As Pat said what's missing is "that" or "it", _I'd rather you hadn't done *it*_. To me this is perfectly fine. As is _I'd rather you didn't come here anymore_ or _I'd rather you hadn't started doing that again_ etc.


----------



## *Snow*

rrose17 said:


> What's missing is "it", _I'd rather you hadn't done *it*_. To me this is perfectly fine. As is _I'd rather you didn't come here anymore_ or _I'd rather you hadn't started doing that again_ etc.


----------



## *Snow*

PatsRule said:


> It is a bit complicated and I will need more context.
> Grammatically, it is correct to say "I wish you hadn't done that." (by the way, you need the word "that" or you need to add the "something that was done", or else it is not a complete sentence).  It is also grammatically correct to say "I wished you hadn't done that." but the latter is just in a particular context.  For example, if you are telling a story about the past - everything that happened in the past, including your desires/wishes.





rrose17 said:


> As Pat said what's missing is "that" or "it", _I'd rather you hadn't done *it*_. To me this is perfectly fine. As is _I'd rather you didn't come here anymore_ or _I'd rather you hadn't started doing that again_ etc.
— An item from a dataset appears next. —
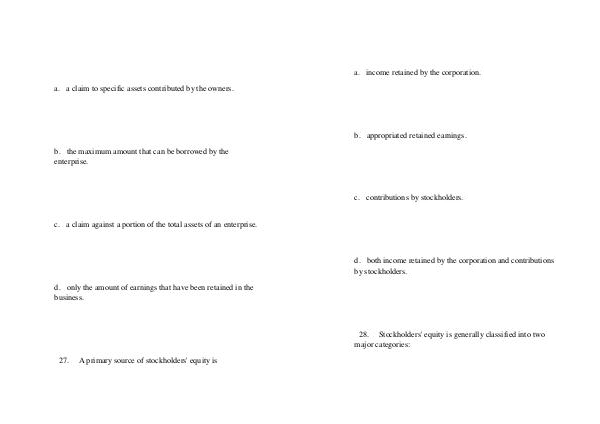 27. A primary source of stockholders ' equity is

Well, I haven't got any context, it's just because I was thinking about regrets. So, I've just brushed up the patterns of "wish" and "would rather"....but I haven't found out if it is possible to say "I *wished *You had done that" by using "I'd rather" in the main clause!


----------



## PatsRule

*Snow* said:


> Well, I haven't got any context, it's just because I was thinking about regrets. So, I've just brushed up the patterns of "wish" and "would rather"....but I haven't found out if it is possible to say "I *wished *You had done that" by using "I'd rather" in the main clause!



If you think of a context where you would want to use this phrase and have a full sentence, I will be happy to translate it for you.  
In general, "I wished" means that your desire was in the past.  
If you are wishing now that something would have (would not have) occurred in the past, then you would use "I wish".
However, if you wished in the past about something that you would have (would not have) wanted to occur in the past, then you would use "I wished".

For example: 
"I remember when I was a teenager, I wished that you had done more for my brothers and me."
vs.
"I wish (now) that you had been a better father to my brothers and me."

I hope I am not making this too complicated for you.


----------



## *Snow*

PatsRule said:


> If you think of a context where you would want to use this phrase and have a full sentence, I will be happy to translate it for you.
> In general, "I wished" means that your desire was in the past.
> If you are wishing now that something would have (would not have) occurred in the past, then you would use "I wish".
> However, if you wished in the past about something that you would have (would not have) wanted to occur in the past, then you would use "I wished".
> 
> For example:
> "I remember when I was a teenager, I wished that you had done more for my brothers and me."
> vs.
> "I wish (now) that you had been a better father to my brothers and me."
> 
> I hope I am not making this too complicated for you.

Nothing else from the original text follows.